### Extracted material
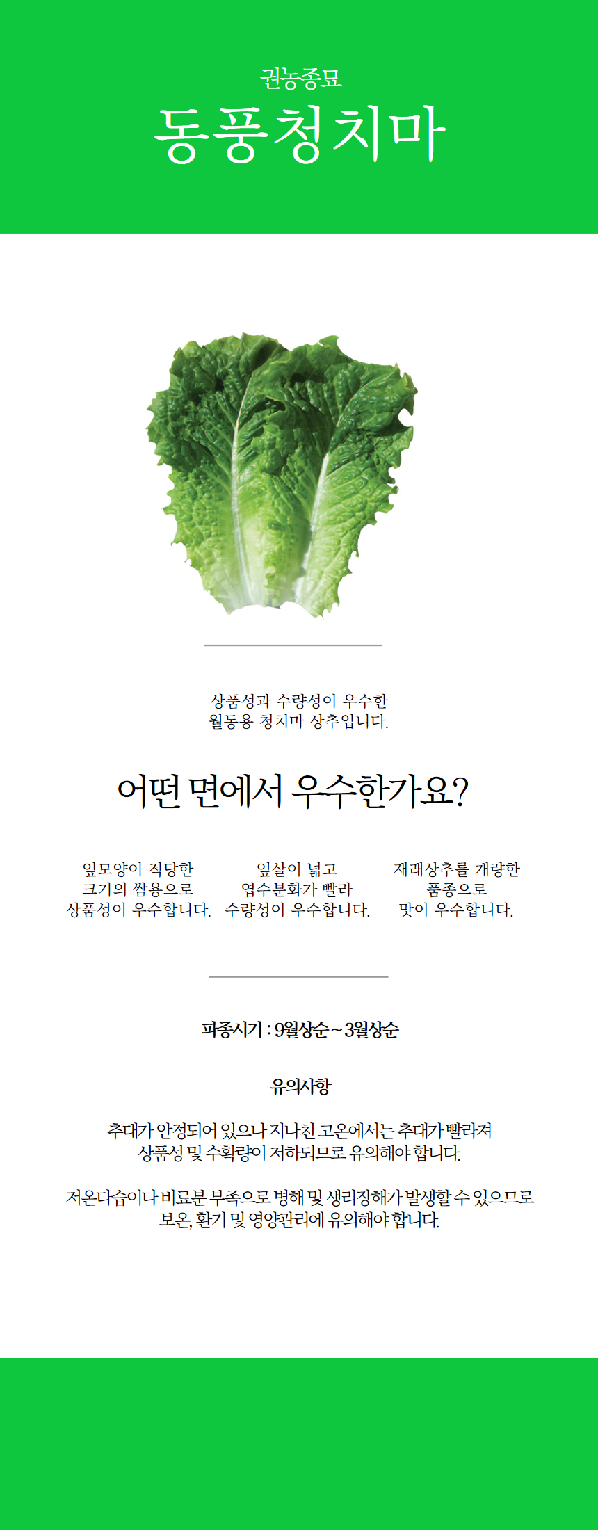추대가 안정되어 있으나 지나친 고온에서는 추대가 빨라져 상품성 및 수확량이 저하되므로 유의해야 합니다.
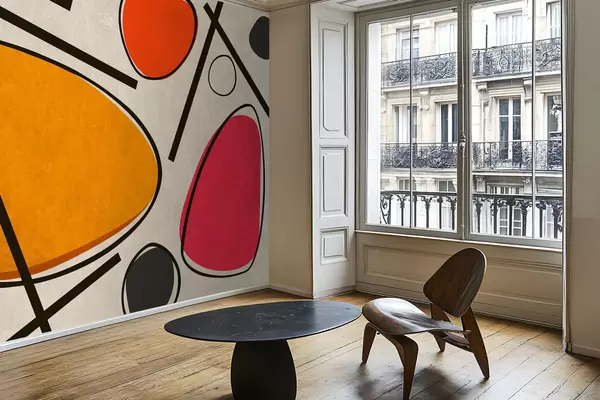 Papier peint Formes abstraites et lignes avec des champs de couleurs vives N° w05017
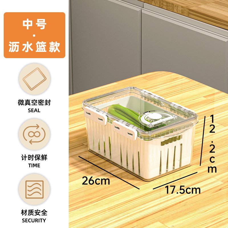 Recipientes herméticos para cozinha, geladeira, drenagem de qualidade alimentar, frutas e legumes, caixa de armazenamento de alimentos congelados TAMANHO 26 X 17 X 12.5CM
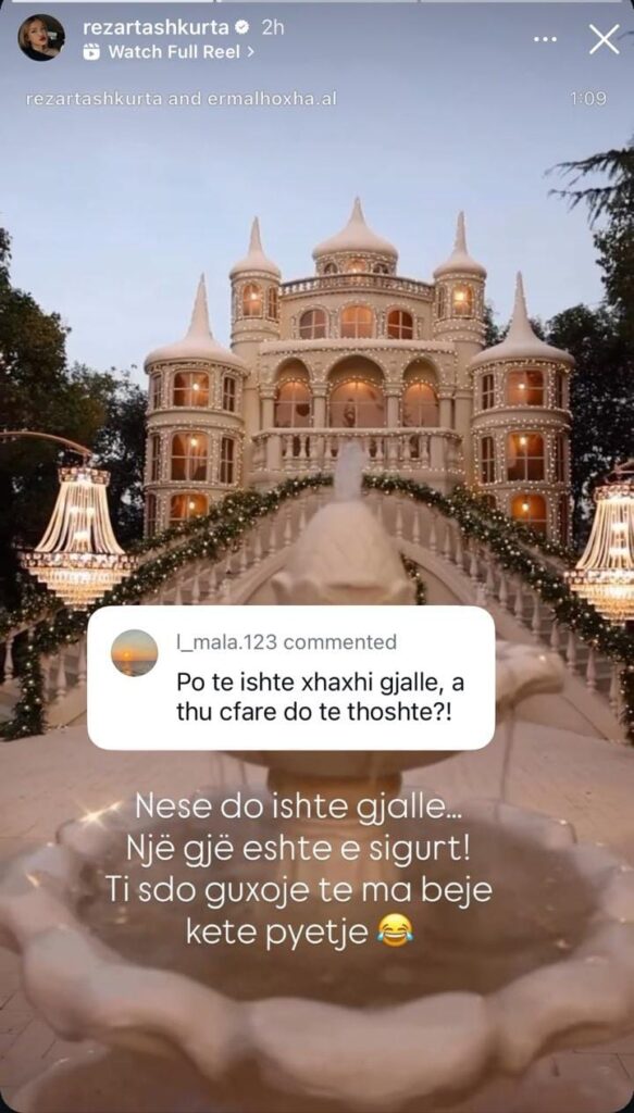 Në një video me bashkëshortin e saj Ermal Hoxhën të publikuar në profilin e saj në Instagram, një ndjekës i ka shkruar:
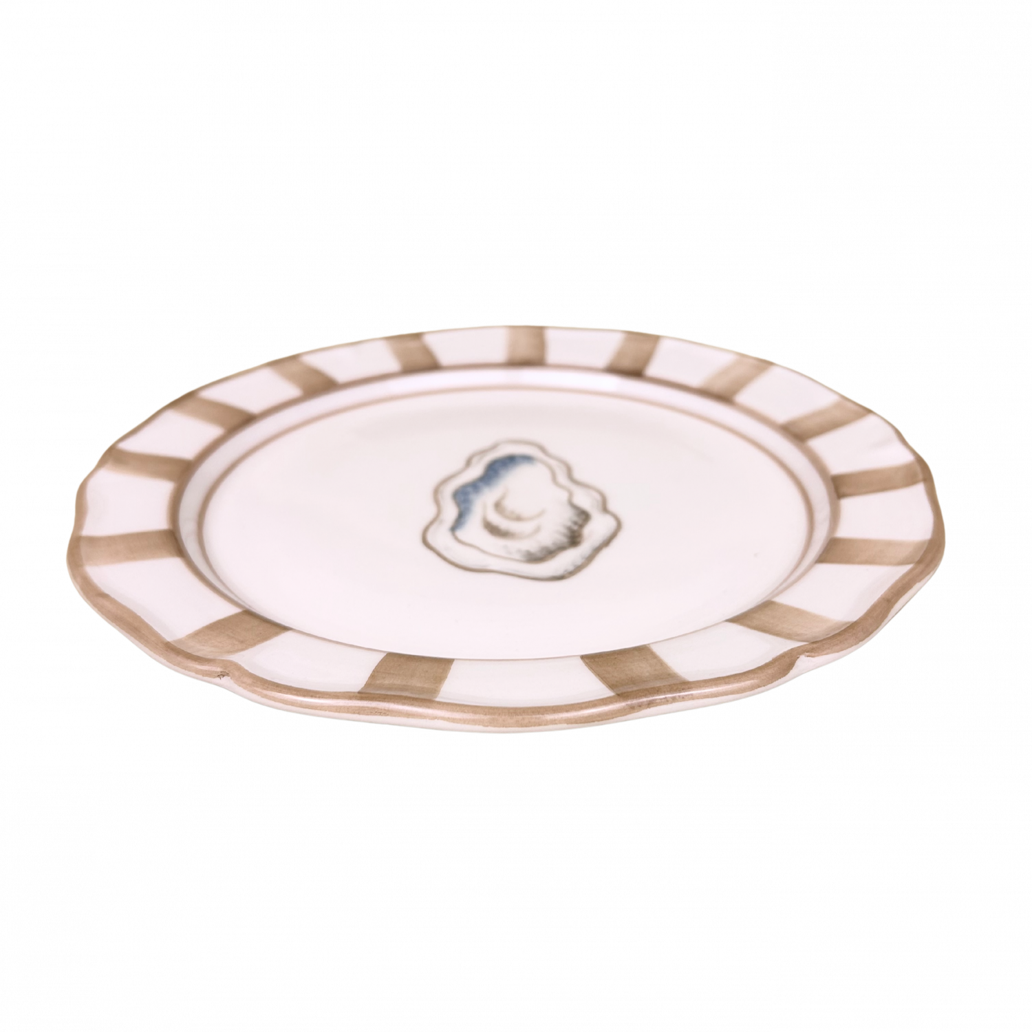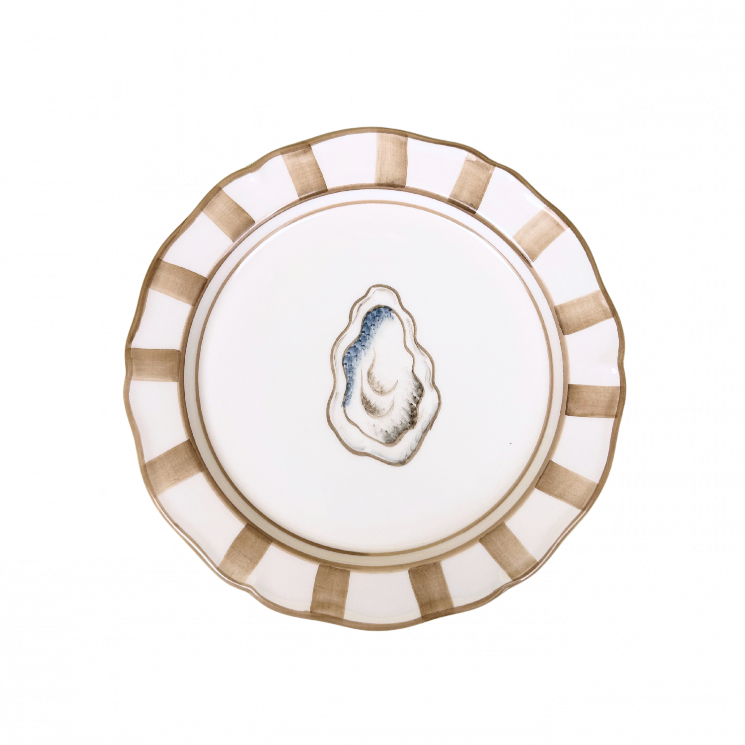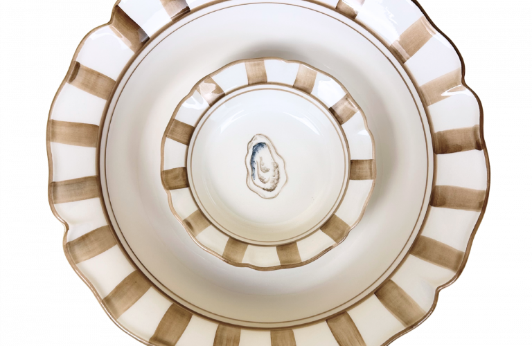 De Ostrica Serie is een elegante, luxe servieslijn met een handgeschilderde oester in het midden en een stijlvolle beige-gouden penseelstrepenrand. Deze collectie wordt volledig met de hand gemaakt in Italië en heeft een tijdloze, chique uitstraling die perfect past bij zowel dagelijks gebruik als feestelijke tafelsettings.
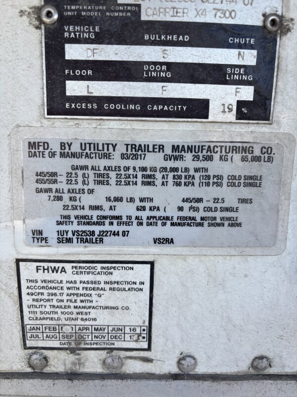 2017 Utility VS2RA Trailer Reefer
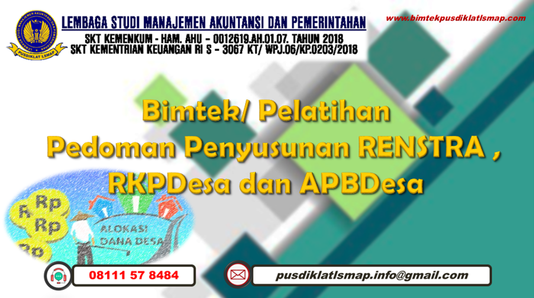 Sehubungan dengan hal di atas dalam rangka Peningkatan Kapasitas dan Kapabilitas guna mendukung kebijakan serta regulasi baru Pemerintah Pusat. Maka kami Lembaga Studi Manajemen Akuntansi dan Pemerintahan mengajak Bapak/Ibu/Saudara(i) Aparatur di Lingkungan Pemerintahan Desa untuk mengikuti Bimbingan Teknis dengan Tema: Bimtek Pedoman Penyusunan Renstra, RKP Desa dan APBDesa.
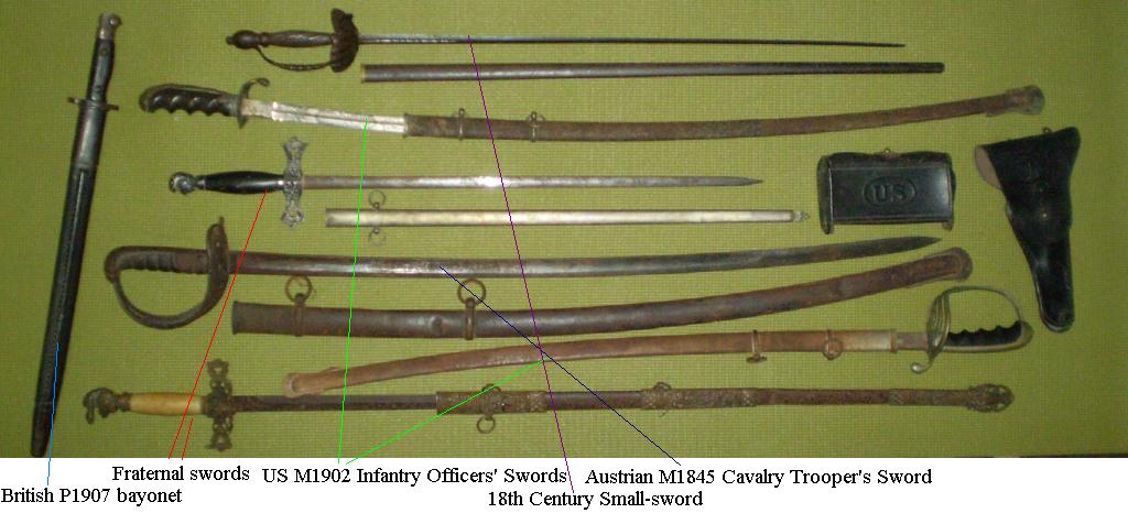 I agree with Markus regarding the small-sword. I think I have managed to ID most of the other swords. The fraternal swords probably have decoration that will help us identify the organizations to which they belong. The bayonet should have markings that will indicate when it was made and by whom, and maybe even the regiment to which it was issued. The M1902s will probably have maker names and may even have the owner's names etched on the blades.
######
__Description of the task__. Please repeat, exactly as written, the lines in the records above, starting with the one that has "Recipientes herméticos para" and going on through the one that has "Në një video". Pictures are to be left out.

__Result of this exercise__.
 Recipientes herméticos para cozinha, geladeira, drenagem de qualidade alimentar, frutas e legumes, caixa de armazenamento de alimentos congelados TAMANHO 26 X 17 X 12.5CM
 Në një video me bashkëshortin e saj Ermal Hoxhën të publikuar në profilin e saj në Instagram, një ndjekës i ka shkruar:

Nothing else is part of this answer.